Waaler tenía uno de esos deportivos japoneses que a Ellen se le antojaban imitaciones baratas de Ferrari. Tenía unos asientos como cubos que aprisionaban los hombros del ocupante, y los altavoces parecían abarcar la mitad del vehículo. El motor emitía un mimoso ronroneo y las luces de las farolas envolvían el interior mientras ellos avanzaban por la calle Trondheimsveien. Una voz en falsete que ella había aprendido a reconocer surgió de los altavoces:

«… I only wanted to be some kind of a friend, I only wanted to see you hathing…»

Prince. El Príncipe.

– Puedes dejarme aquí -dijo Ellen intentando adoptar un tono de voz natural.

– Nada de eso -dijo Waaler mirando al retrovisor-. Servicio de puerta a puerta. ¿Adónde vamos?

Ellen reprimió el impulso de abrir la puerta y saltar a la calzada.

– Aquí a la izquierda -dijo señalando la calle.

«Ojalá estés en casa, Harry.»

– Calle Jens Bjelke -leyó Waaler en voz alta al tiempo que giraba.

La iluminación era más escasa allí que en las calles que habían dejado atrás, y las aceras estaban desiertas. Por el rabillo del ojo, Ellen veía deslizarse por el rostro de Tom pequeños haces de luz. ¿Sabría él que ella lo sabía? ¿Habría visto que tenía la mano en el bolso, aferrada al aerosol de gas que había comprado en Alemania y que le había enseñado el otoño pasado, cuando Tom le dijo que se ponía en peligro a sí misma y a sus colegas al negarse a llevar armas? ¿Y no le había insinuado discretamente en alguna ocasión que él podía procurarle un arma corta de fácil manejo que podría ocultar en cualquier parte del cuerpo, que no estuviese registrada y que, por tanto, nadie relacionaría con ella en caso de que ocurriese una «desgracia»? Ellen no lo interpretó de forma tan directa en aquella ocasión, pues pensó que era una de esas macabras bromas machistas con que solía dejarse caer y le quitó importancia.

– Detente junto a ese coche rojo.

– ¡Pero si el número cuatro está en la próxima manzana! -exclamó Tom.

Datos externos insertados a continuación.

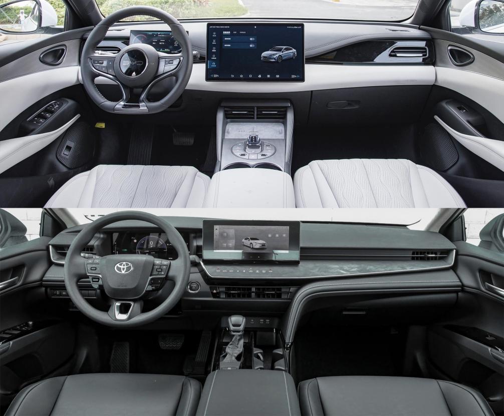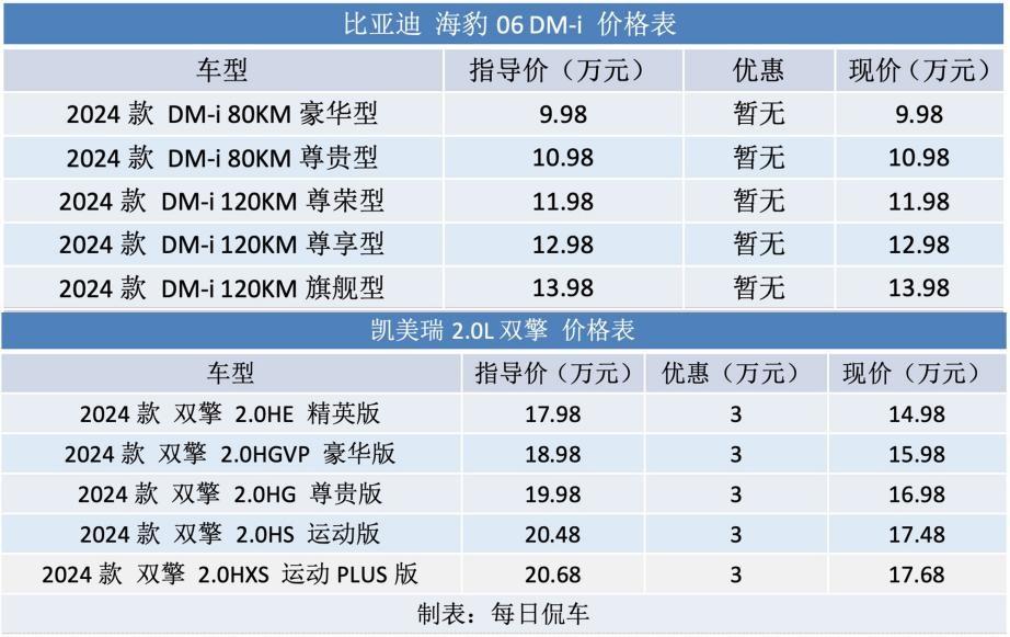 比亞迪秦L和海豹06 DM-i上市之后,以較低的虧電油耗引發市場熱度,出現了訂單火爆的局面。而近期9代凱美瑞全系也推出了至少3萬元的現金優惠,其中2.0L雙擎車型綜合置換補貼后入門價格也來到了13.98萬元,與前兩者的頂配車型價格接近。那么,到底選擇是選擇秦L或海豹06 DM-i的頂配版,還是選擇凱美瑞2.0混動入門版?今天我們就以海豹06 DM-i 120KM旗艦型和凱美瑞 雙擎 2.0HE精英版為例,分析下兩車的異同。(以下所有圖片都是海豹06在前)
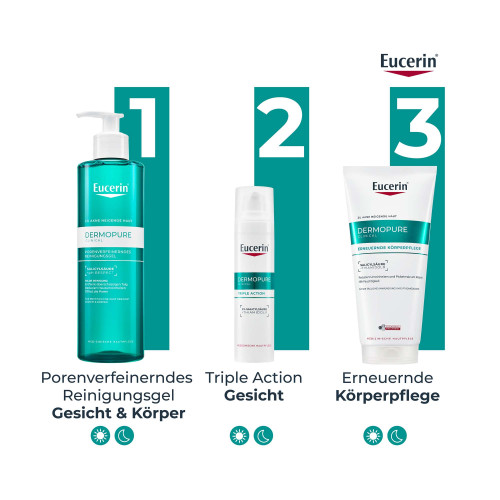 - Für ein reines Hautbild können weitere Produkte aus der Eucerin® DermoPure Clinical Serie ergänzt werden.
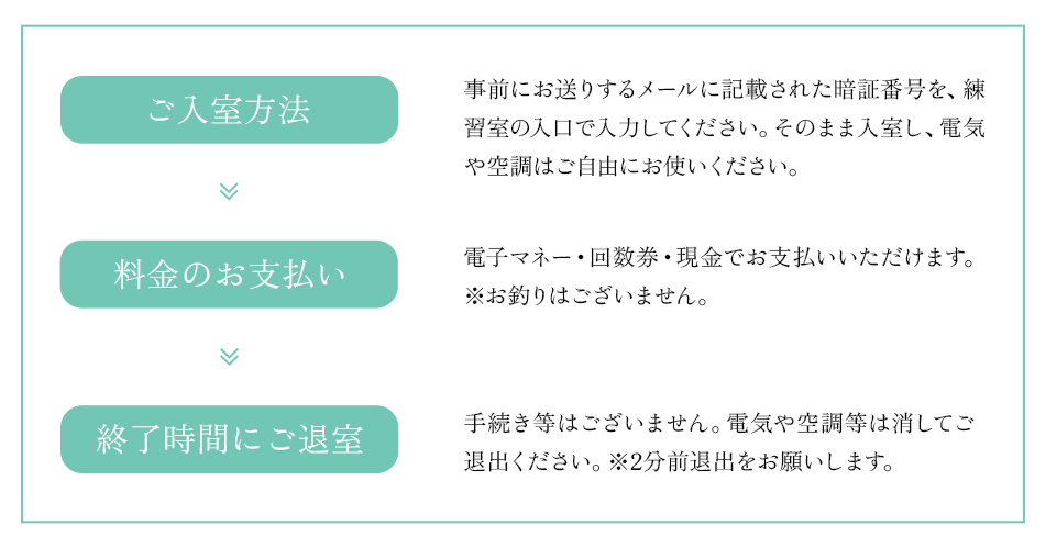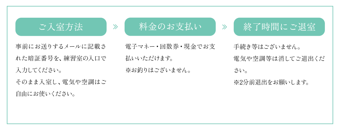 ※天井(約175cm)が低いため、バイオリンやフルート等、立奏には天満橋店の利用を推奨しております。
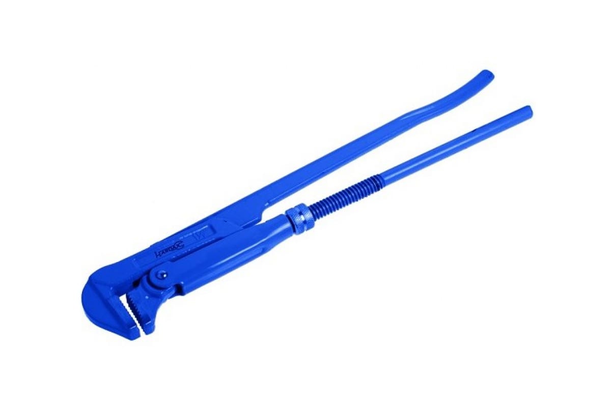 Зазубренные губки обеспечивают надежное сцепление с трубами, а рычажная система полностью передает усилие.
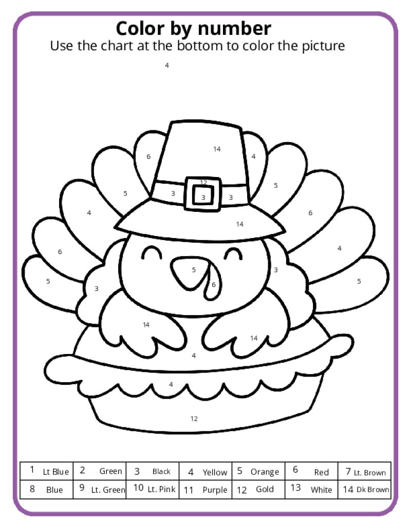 Thanksgiving Color By Number Pages K12 Math Worksheets
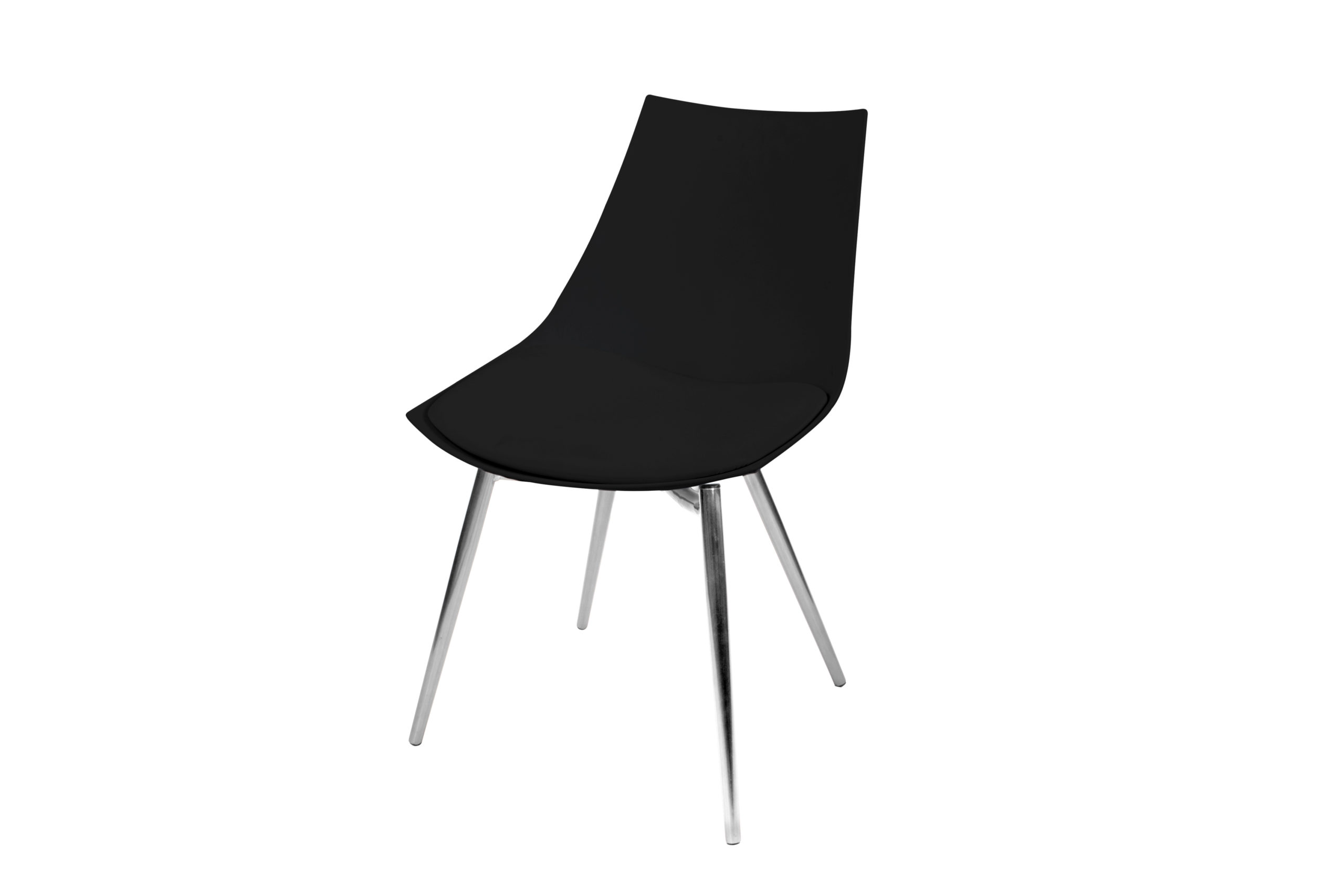Das ergonomische Design und die Schaumstoff-Sitzfläche dieses soliden Stuhls bieten hohen Komfort. Vor allem für die Küche oder das Esszimmer ist der Stuhl daher ideal geeignet. Der schwarze Bezug aus Kunstleder ist nicht nur einfach abwischbar, sondern dank der schlichten und dezenten Farbgebung auch in jeder Einrichtung einsetzbar. Unterstrichen wird die stilvolle Optik der Sitzgelegenheit durch elegante Stuhlbeine aus Metall.
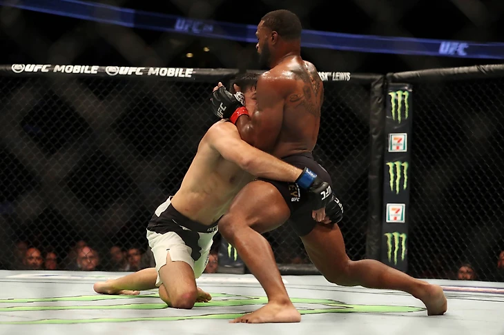 Идеальный пример бесконтактного боя. Это был реванш с финала сезона TUF. После нескольких громких побед, Эспарза таки добралась до титульника. Казалось, девушки покажут достойный бой, но нет. Вместо этого они продемонстрировали, возможно, худший бой, являющийся достойным конкурентов суперсхватке Нганну и Льюиса. Описать то, что происходило в октагоне можно одним словом – ничего. Впрочем, Эспарза сделала чуть больше, за счет чего и забрала титул.
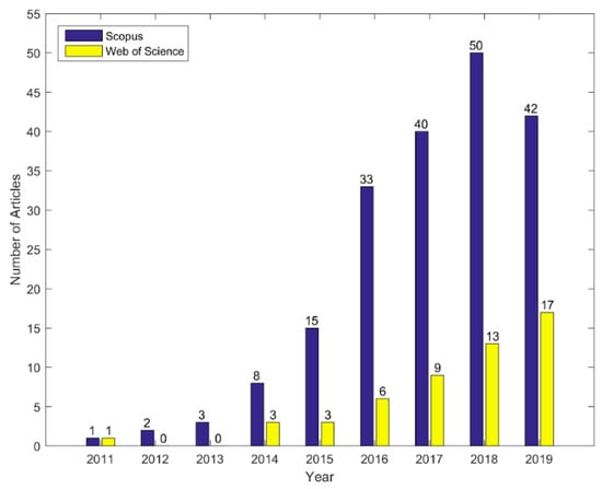 Number of research papers on IoT for AAL published between 2011 and 2019 (according to Scopus and Web of Science data).
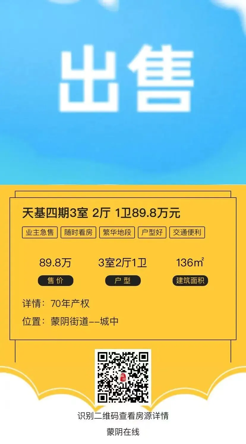 关注蒙阴在线公众微信号—蒙阴在线网络传媒,后续还会不定期为您推荐优质房源!身边有亲朋好友有相关需求的也可以分享给TA!
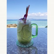 キウイとパッションフルーツのジュース。とても爽やかで美味しい。 紅いもタルトで有名なお菓子御殿の地下2階のカフェ。目の前の沖縄ブルーのきれいな海を見ながらまったり。平日だからかすいてるし、穴場かも。とってものんびりできます(^^)
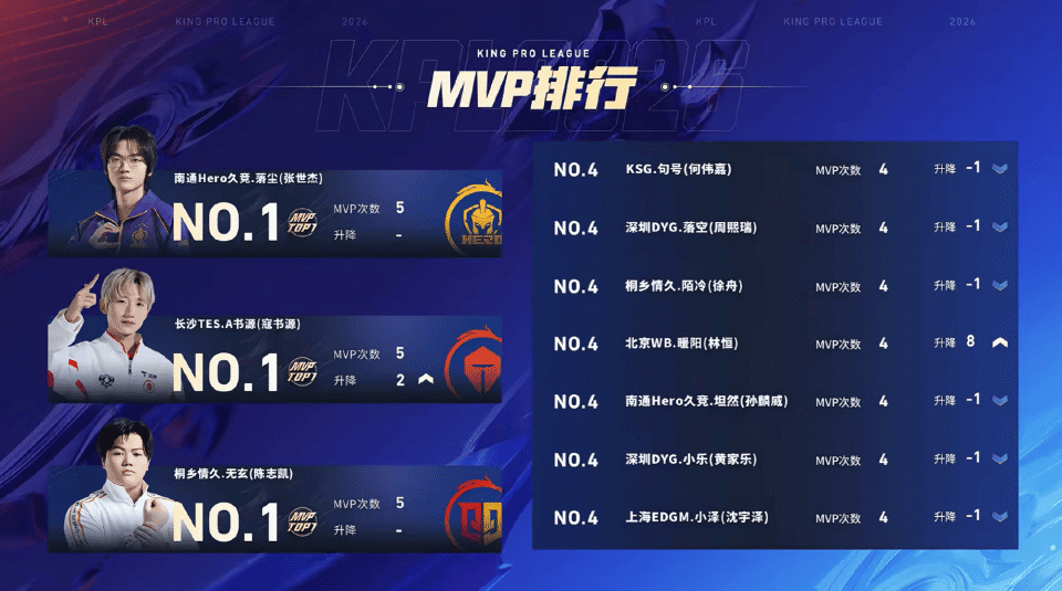 长沙滔搏丶书源 (寇书源)排名上升2名,累计获得5次MVP,与南通Hero久竞_落尘 (张世杰)、桐乡情久-无玄 (陈志凯)并列MVP排行榜首。

¿Le habría dicho ella misma que vivía en el número cuatro? Tal vez. Y seguramente lo había olvidado. Se sintió transparente, como una medusa de cristal, sintió que él podía ver su corazón latiendo desbocado.

El motor ronroneaba en ralentí. Tom había detenido el coche. Ella buscaba febrilmente la manivela de la puerta. ¡Jodidos ingenieros de pacotilla estos japoneses! ¿Por qué no podían colocar en la puerta simplemente una manilla normal, fácil de distinguir?

– Nos vemos el lunes -oyó decir a Waaler a su espalda al mismo tiempo que encontraba la manilla, salía de golpe e inhalaba el tóxico aire invernal de Oslo como si hubiese emergido a la superficie después de haber estado mucho tiempo bajo las frías aguas.

Lo último que oyó antes de cerrar la pesada puerta del portal fue el suave sonido del motor engrasado del coche de Waaler, que seguía en ralentí.

Subió atropelladamente las escaleras, pisando fuerte en cada peldaño empuñando las llaves como si llevase una varita mágica. Y entró en el apartamento. Mientras marcaba el número del apartamento de Harry, rememoró palabra por palabra el mensaje de Sverre Olsen: «Soy Sverre Olsen. Sigo esperando los diez mil de comisión por la pipa para el viejo. Llámame a casa».

Y después, colgó.

A Ellen le llevó una fracción de segundo comprender la situación. La quinta frase de la adivinanza de quién era el intermediario en el negocio del Märklin. Un policía. Tom Waaler. Naturalmente. Diez mil coronas de comisión para un imbécil como Olsen: debía de ser algo grande. El viejo. Un entorno obsesionado por las armas. Simpatizantes de la extrema derecha. El Príncipe que no tardaría en convertirse en comisario. Estaba más claro que el agua, tanto que, por un instante, le chocó que, pese a su capacidad para detectar lo que se les ocultaba a los demás, no se hubiese dado cuenta antes. Era consciente de que la paranoia se había apoderado de ella pero, mientras esperaba a que saliera del restaurante, no pudo evitar pensar que Tom Waaler tenía todas las posibilidades de ascender, de mover los hilos desde puestos cada vez más importantes, al abrigo de las alas del poder, y sólo los dioses sabían con quién se habría aliado ya en la comisaría. Pensándolo bien, había varios de los que jamás sospecharía que estuviesen implicados. Pero el único en el que estaba segura de que podía confiar al cien por cien, al cien por cien, era Harry.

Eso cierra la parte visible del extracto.